Nielsen Media Research revealed Tuesday that their 12-round main event attracted an average audience of 1,322,000 and a peak audience of 1,351,000. Haney, who won a unanimous decision, and Kambosos boxed on Sunday afternoon at Marvel Stadium in Melbourne, Australia, but their bout aired live Saturday night in the United States.
Nielsen’s numbers include only viewers who watched Haney-Kambosos on ESPN’s English-language linear channel, not those who saw it on ESPN Deportes or ESPN+, the network’s streaming service. Viewership of Haney-Kambosos was lower but comparable to the audience that watched the Shakur Stevenson-Oscar Valdez junior lightweight championship match April 30 on ESPN.
Stevenson’s 12-round, unanimous-decision defeat of Valdez drew an average of 1,353,000 viewers and peaked at 1,440,000 viewers. Stevenson (18-0, 9 KOs), a southpaw from Newark, New Jersey, easily out-boxed Valdez (30-1, 23 KOs) to defend his WBO junior lightweight title and won the WBC super featherweight championship from Mexico’s Valdez.
Haney (28-0, 15 KOs), of Henderson, Nevada, clearly outpointed Sydney’s Kambosos (20-1, 10 KOs) as well. The 23-year-old Oakland native won 10 rounds on one scorecard (118-110) and eight rounds apiece on the other two cards (116-112, 116-112) to become boxing’s eighth fully unified champion of the four-belt era.
Haney retained his WBC 135-pound championship and won the IBF, WBA and WBO belts from Kambosos.
Neither Haney nor Kambosos had headlined a boxing telecast on ESPN before Saturday night.

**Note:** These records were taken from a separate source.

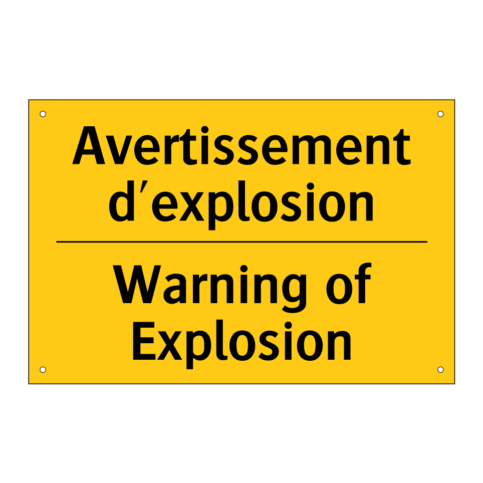 Panneau d'avertissement bilingue avec texte en français : "Avertissement d'explosion", et en anglais : "Warning of Explosion"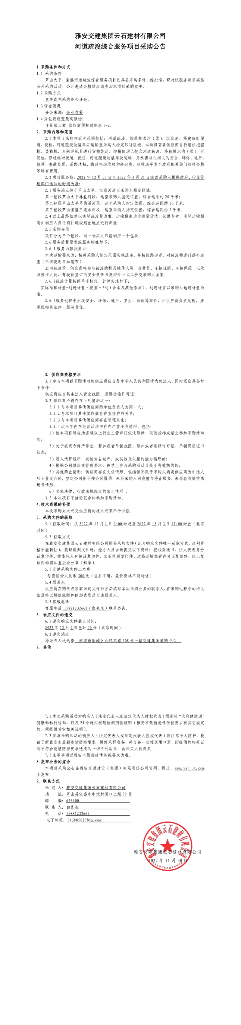雅安交建集團云石建材有限公司河道疏浚綜合服務(wù)項目采購公告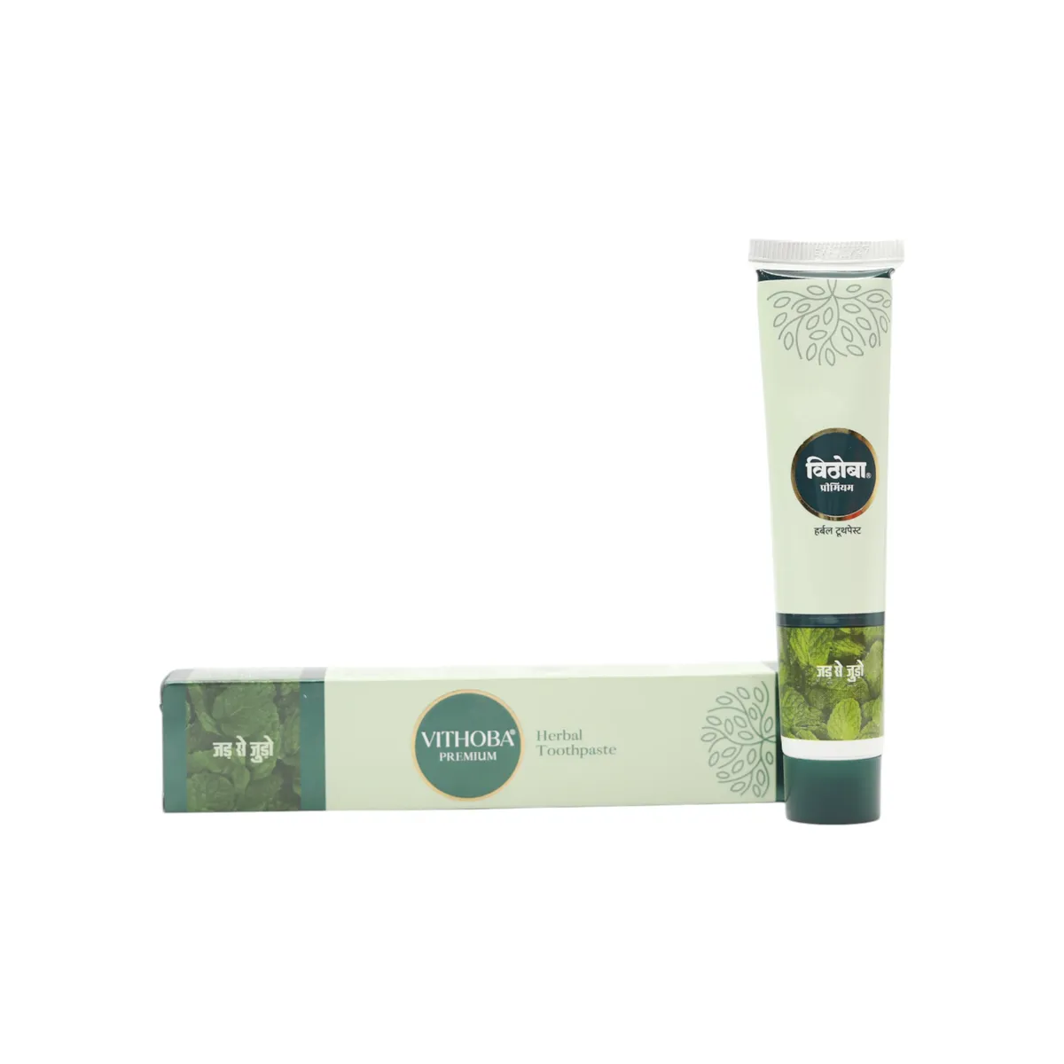 Vithoba Rootfix Ayurvedic Toothpaste is a natural oral care solution formulated with herbal ingredients to address a variety of dental concerns, including bad breath, cavities, and gum health.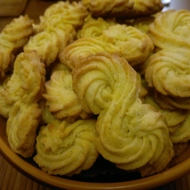 In a mixer, combine the softened butter, sugar, vanilla, add the eggs, and gradually mix in the flour and polenta mixture (if too thick, add a couple of tablespoons of water). The dough should be firm yet pliable enough to be piped from a pastry bag.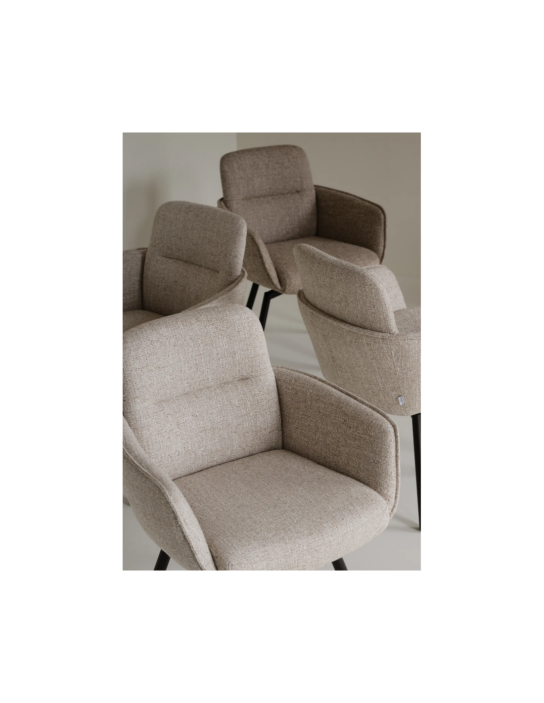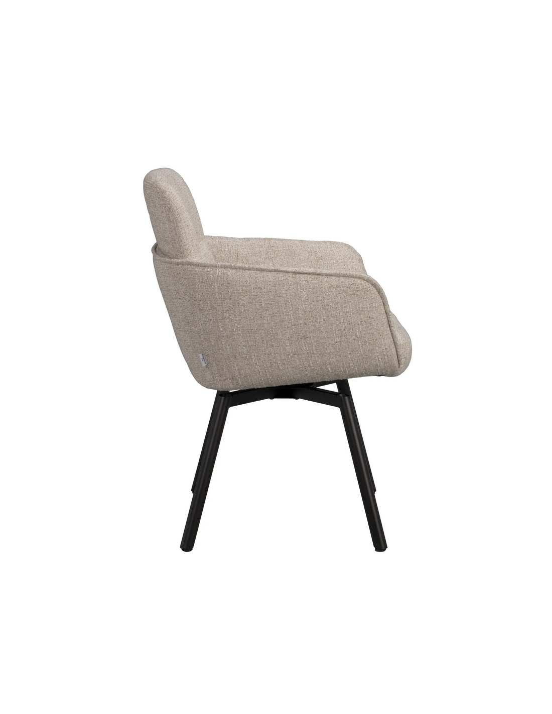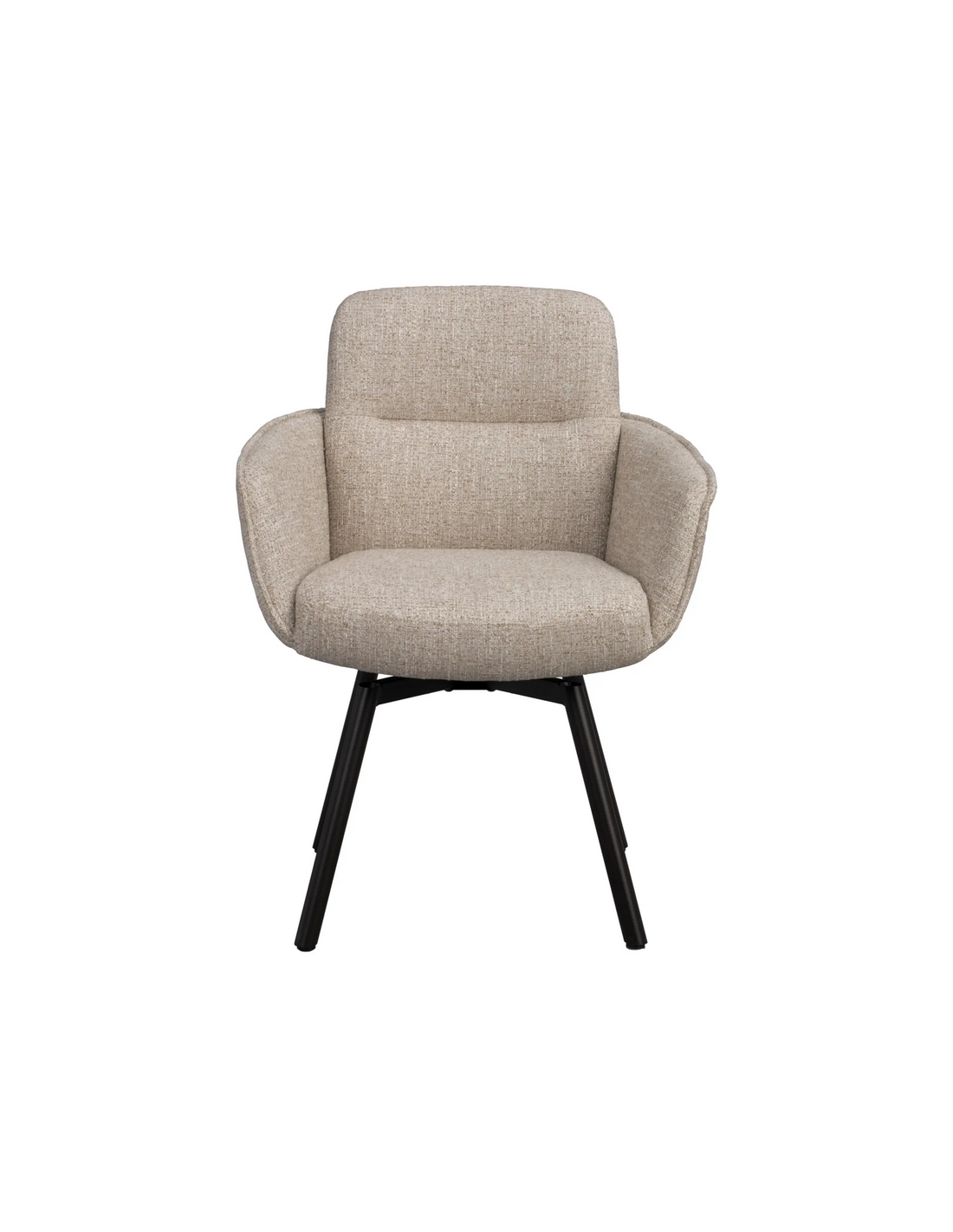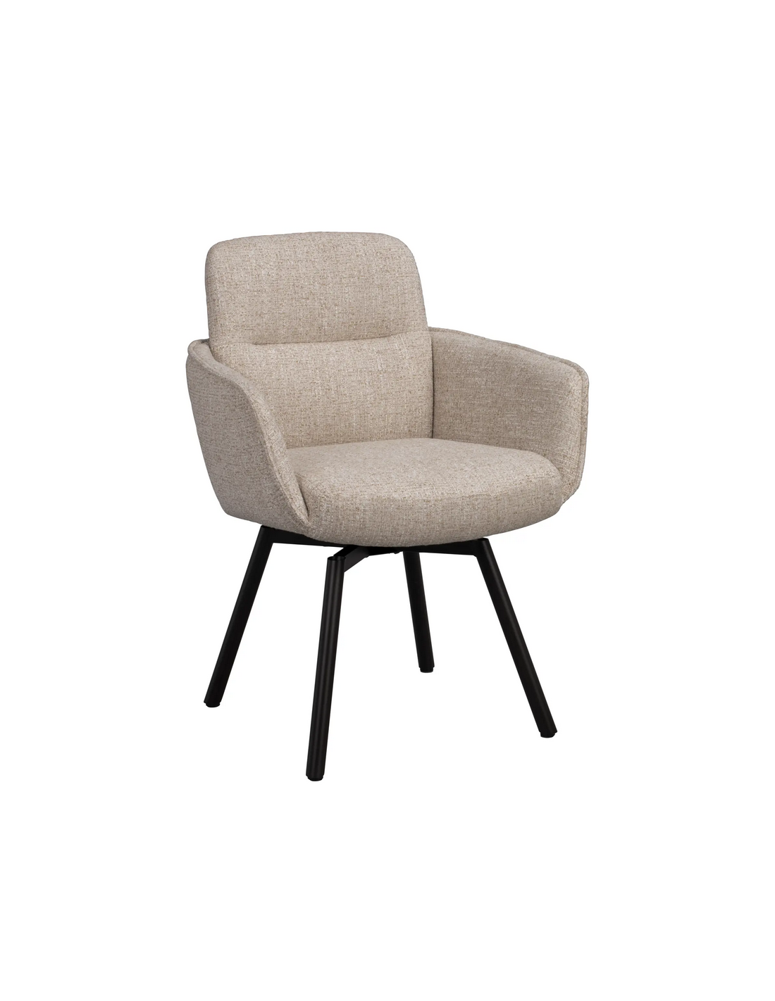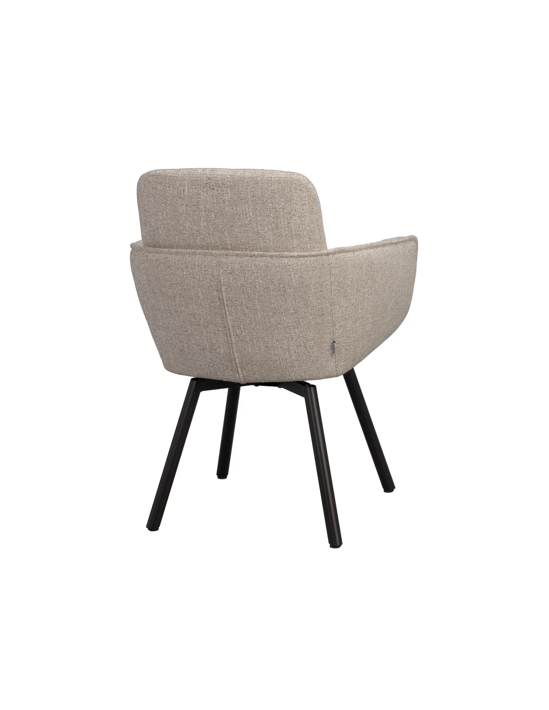 Roswell sæt med 2 x spisebordsstole med drejefod udført i et design fremstillet af sortlakeret metal og lys beige polyester. Stolene måler 85 cm i højden over ryggen og med siddehøjde på 51 cm.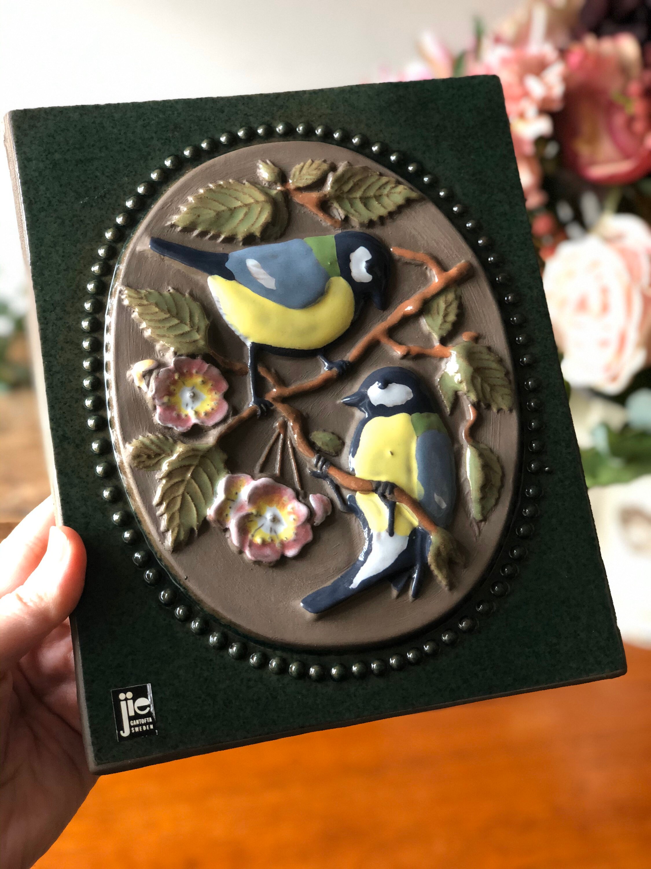 This ceramic plaque has beautiful birds with a picturesque background and a partially glazed ceramic relief.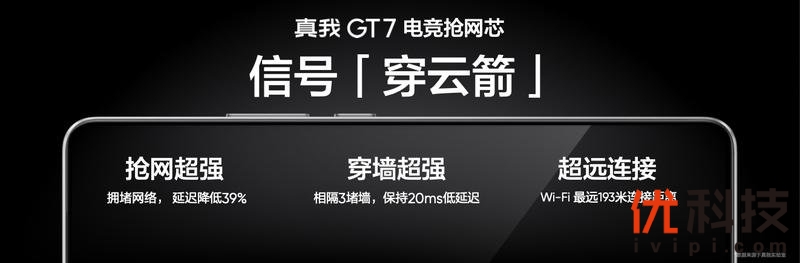 稳定的游戏体验离不开稳定的网络。真我GT7首发电竞抢网芯,大幅提升Wi-Fi的上下行,实现超强抢网、超强穿墙、超远连接效果,堪称「信号穿云箭」。针对信号死角场景,真我GT7首发AI信号追踪技术,可自动调节天线信号方向捕捉强信号,弱信号场景下游戏时延降低12%。
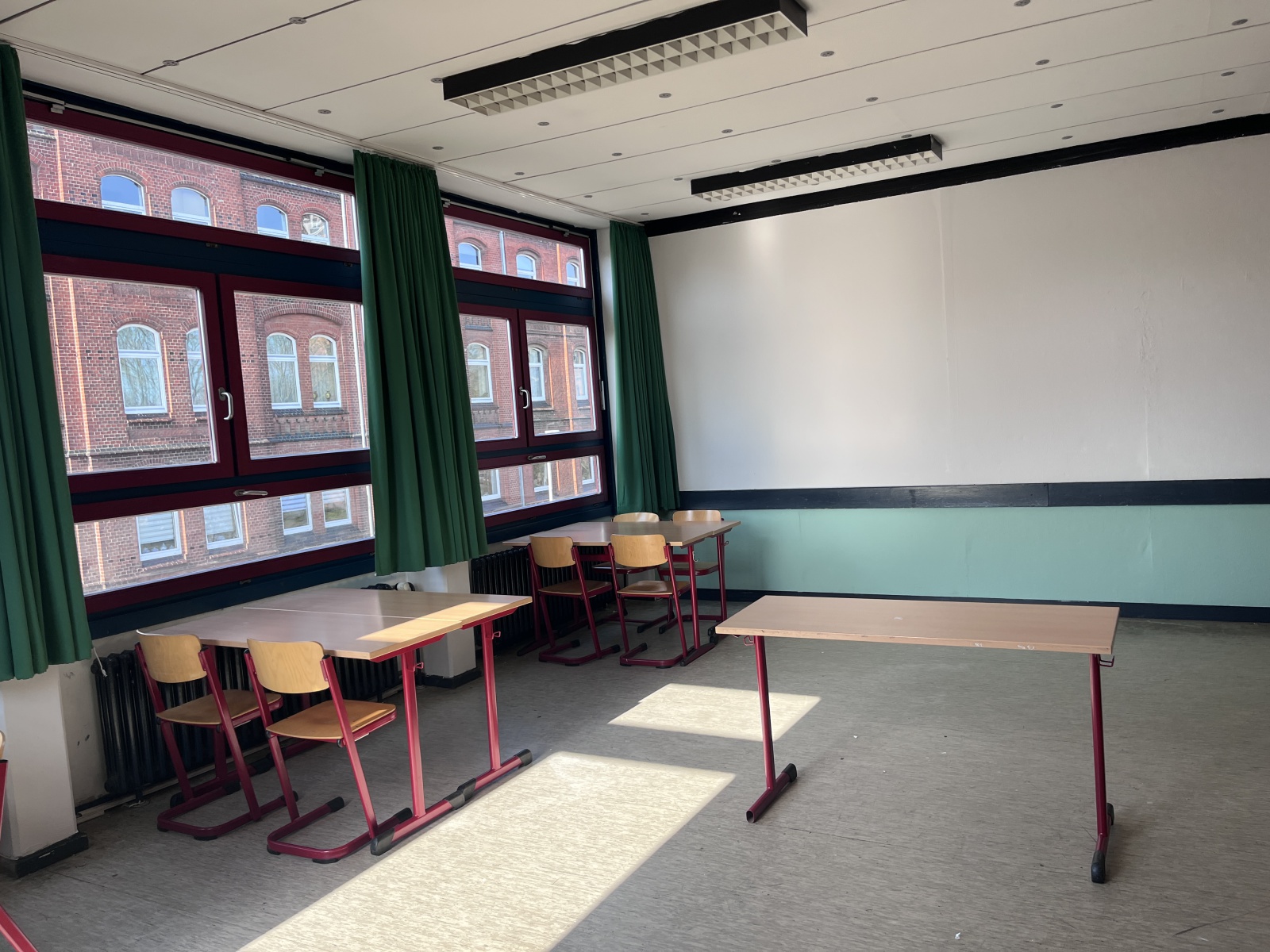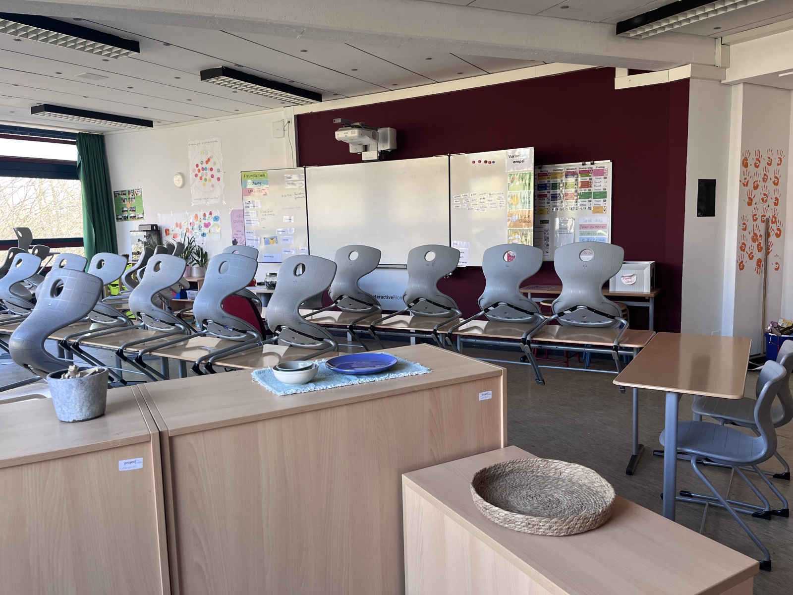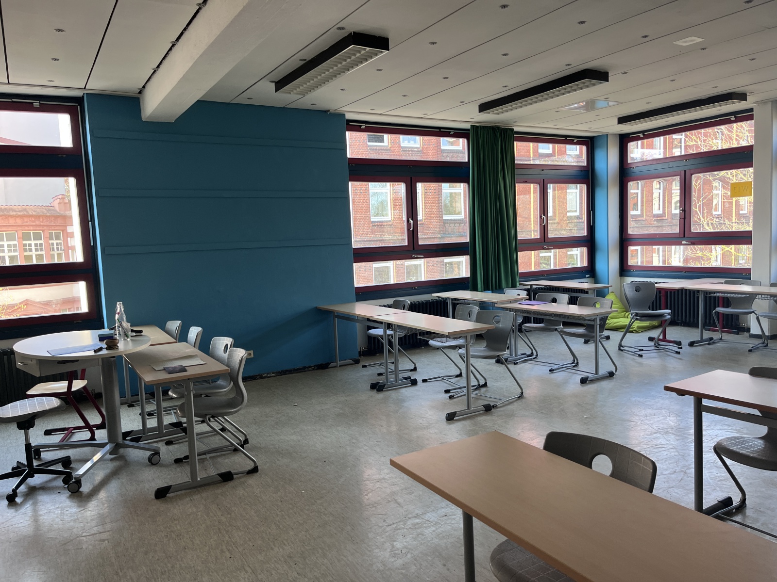 Nach monatelanger Vorbereitung in den Flex- und Stammstunden wurden die von den Schülerinnen und Schülern entwickelten und ausgewählten Entwürfe für eine schönere Lernumgebung umgesetzt. Alle Schülerinnen und Schüler arbeiteten mit ihren Lehrkräften in den verschiedenen Räumen des Jahrgangs – vom Ausräumen über das Abkleben bis zum Streichen. Danach musste der Jahrgang wieder aufgeräumt und wieder eingerichtet werden. In der Projektwoche hat der ganze 7. Jahrgang viel gearbeitet.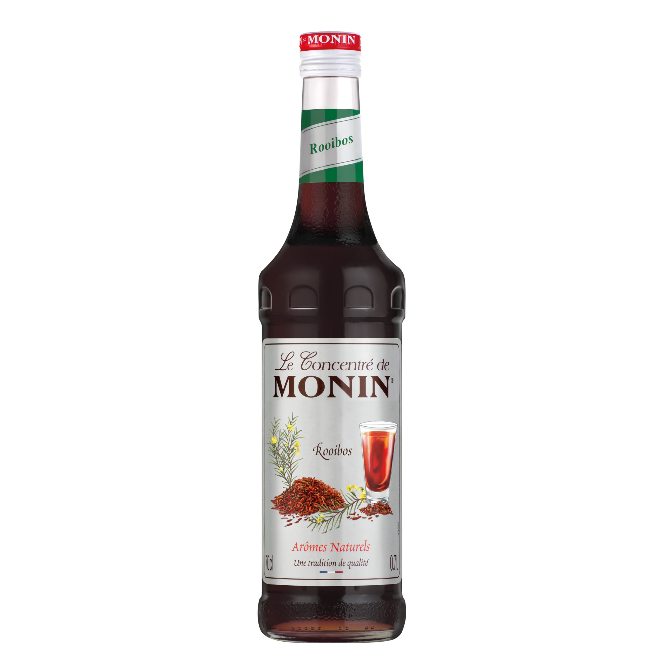 Rooibos to mały krzew uprawiany wyłącznie na południu gór Afryki. W wyniku zaparzenia jego liści powstaje napar zwany również „czerwoną herbatą”. Łagodny aromat herbaty i odrobina słodyczy sprawia, że jest to mieszanka zyskująca na popularności w ostatnich latach. Nie zawiera teiny, więc jest idealną alternatywą dla zwykłych herbat czy kawy. Koncentrat MONIN Rooibos to najlepsza esencja naparu ze staranie dobranych liści, która pozwoli stworzyć mnóstwo oryginalnych receptur i orzeźwiających napoi.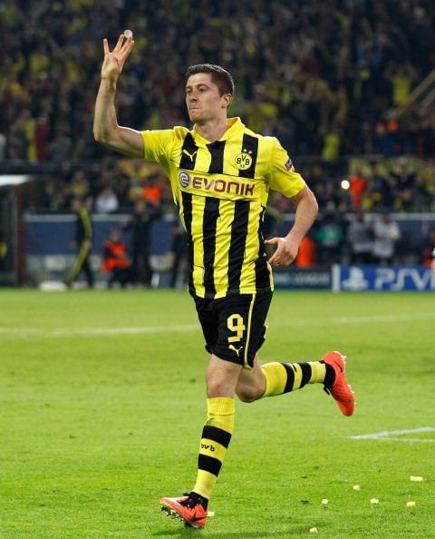 Robert Lewandowski celebrates after scoring a penalty to mark his team’s fourth goal during the UEFA Champions League semi final first leg match between Borussia Dortmund and Real Madrid at Signal Iduna Park on April 24, 2013

Haney’s six previous fights were streamed by DAZN, which isn’t monitored by Nielsen and doesn’t release its own viewership totals. Kambosos’ upset of Teofimo Lopez (16-1, 12 KOs) in their lightweight title fight also was streamed by DAZN on November 27 from Madison Square Garden’s Hulu Theater in New York.
ESPN’s telecast of Haney-Kambosos began during the 11th round of the main event Showtime televised live Saturday night, Stephen Fulton’s terrific performance in a 12-round, unanimous-decision victory over Daniel Roman. The start of Haney-Kambosos impacted Showtime’s viewership of the final two rounds of Fulton-Roman, according to Nielsen.
In all, the 122-pound championship bout between Philadelphia’s Fulton (21-0, 8 KOs), the WBC and WBO champ, and Los Angeles’ Roman (29-4-1, 10 KOs), a former IBF and WBA champ, drew an average of 199,000 viewers. Fulton-Roman, which headlined a Premier Boxing Champions card at The Armory in Minneapolis, attracted a peak audience of 251,000 in its early rounds.
Showtime – a premium cable channel owned by the same parent company, Paramount Global, as BoxingScene.com – has almost 30 million subscribers. ESPN, a basic cable network, has more than 80 million subscribers.